Подбадривая себя подобными мыслями, Лайминг вывел грузовик на дорогу и набрал скорость. В глубине души он прекрасно понимал все безумие своей затеи. Слишком много в его плане зависит от везения: он может выбрать корабль, на борту которого остались члены экипажа, или тот, что встал на профилактический ремонт. К тому же ничего не стоит напороться на ракету с незаправленными двигателями, которая не сможет взлететь. Тогда обозленным зангам останется только посиживать вокруг да ждать, пока он не сдастся или не умрет голодной смертью. Нечего и мечтать, что они окажутся настолько тупыми, что предоставят ему возможность перебраться на другой корабль.

Стрелой промчавшись по долине, грузовик повернул по широкой дуге и устремился к главным воротам космопорта.

Они были прикрыты, но между створками оставался промежуток шириной в ярд. С внешней стороны забора стоял вооруженный часовой, а за воротами виднелась сторожка охранников.

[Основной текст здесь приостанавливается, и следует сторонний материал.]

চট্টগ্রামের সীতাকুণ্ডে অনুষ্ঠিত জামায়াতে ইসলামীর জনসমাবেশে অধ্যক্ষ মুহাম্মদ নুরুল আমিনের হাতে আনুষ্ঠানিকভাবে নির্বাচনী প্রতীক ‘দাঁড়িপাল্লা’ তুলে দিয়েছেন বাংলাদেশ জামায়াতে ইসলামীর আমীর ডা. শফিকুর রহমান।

Когда грузовик показался в поле зрения часового и с ревом рванулся прямо на него, солдат в изумлении вылупил глаза и отреагировал, как типичная тыловая крыса. Вместо того, чтобы поднять оружие и взять на прицел водителя, он выскочил на дорогу и со всей возможной скоростью принялся открывать ворота. Та створка, в которую он упирался, распахнулась как раз вовремя, чтобы пропустить бешено мчащийся грузовик. И только после этого часовой возмутился: почему это водитель не сказал ему ни «привет», ни "проваливай к черту", ни что-нибудь еще, столь же любезное. Потрясая вслед промчавшемуся грузовику оружием, он неуклюже исполнил боевой танец, сопровождая его злобными выкриками.

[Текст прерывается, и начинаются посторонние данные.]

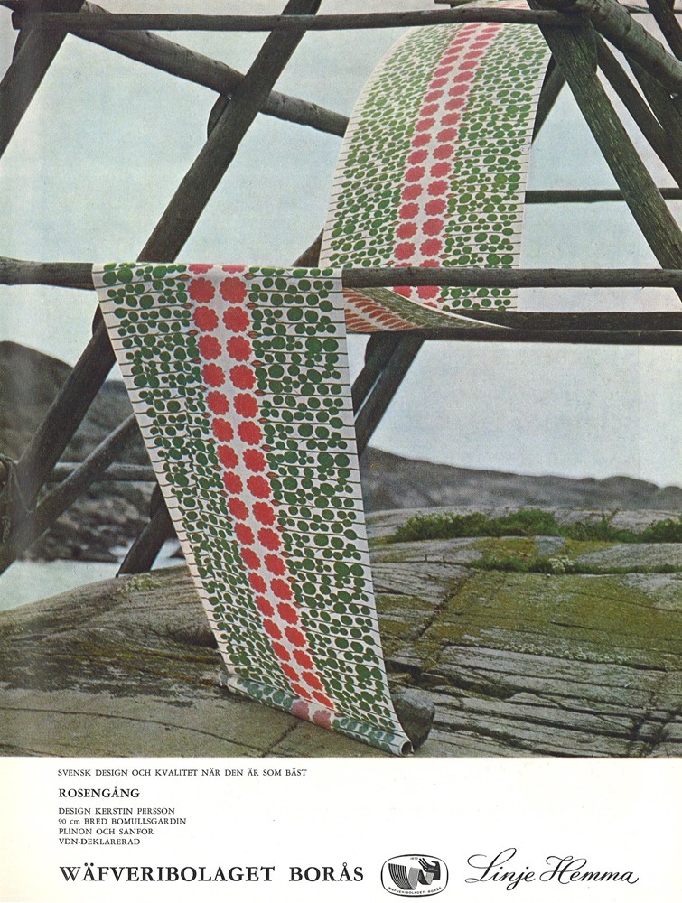 När vi ändå är inne på Linje hemma, så kan jag ju visa några andra tyger från den kollektionen som jag inte har, men som marknadsfördes i tidningen Form på 1960-talet.

Лайминг на максимальной скорости объезжал космопорт по периметру, полностью сосредоточившись на управлении машиной. Он не обращал внимания ни на что, стремясь к заветной цели – к месту стоянки кораблей.

Попавшаяся ему на пути группа покрытых чешуей типов, бросилась врассыпную, едва вывернувшись из-под колес. Потом из ангара выехал низкий длинный автокар, нагруженный топливными баками. Водитель, увидев несущийся грузовик, вылетел со своего места и бросился удирать во все лопатки, бросив кар посреди дороги. Грузовик Лайминга вильнул мимо, едва не перевернувшись на вираже.

Лайминг наметил своей целью корабль, стоящий на самом краю поля, куда зангам дольше всего добираться. Он затормозил у его кормы, выскочил из кабины грузовика и задрал голову. Где же трап? Суетливо обежав вокруг, он обнаружил трап с противоположной стороны и, как перепуганная мартышка, стал карабкаться наверх. Удовольствие сомнительное – все равно, что взбираться по заводской трубе. На полпути он остановился, чтобы передохнуть, и огляделся вокруг. К кораблю бежала сотня фигурок, казавшихся с такой высоты совсем крохотными. За ними следовали четыре машины и еще какая-то штука, вроде бронетранспортера. Лайминг прервал отдых и полез дальше, стараясь передвигаться как можно быстрее и в то же время соблюдая максимальную осторожность – он был уже так высоко, что каждое неловкое движение могло оказаться роковым.

С приближением к верхнему шлюзу нарастало и его беспокойство. Через несколько секунд он будет недосягаем для снайперов, но кто мешает врагам хоть сейчас начать обстрел?

При одной мысли, что в последний момент его сможет достать шальная пуля, внутри у Лайминга все свело судорогой, и он еще прибавить темп. Он быстро преодолел последнюю дюжину ступенек трапа, добрался до шлюза, и вдруг в его голову уперся какой-то металлический стержень. Застыв, он поднял удивленный взгляд и обнаружил, что смотрит прямо в дуло ружья вполне приличного калибра.

– Шатси, – приказал владелец ружья, указывая вниз. – Амаш!

В первое мгновение у Лайминга мелькнула безумная мысль: повиснув на одной руке, другой схватить противника за ногу и перебросить через себя. Он уже было приготовился к броску, но охранник то ли оказался слишком нетерпелив, то ли разгадал его замысел – только приклад ружья больно стукнул его по пальцам.

– Амаш! Шатси-амаш!

Делать нечего. Медленно и неохотно Лайминг стал спускаться вниз. С каждой ступенькой его отчаяние росло. Одно дело, если бы его схватили в начале погони. Но теперь, когда он столько преодолел, когда успех так близок! Тысяча чертей!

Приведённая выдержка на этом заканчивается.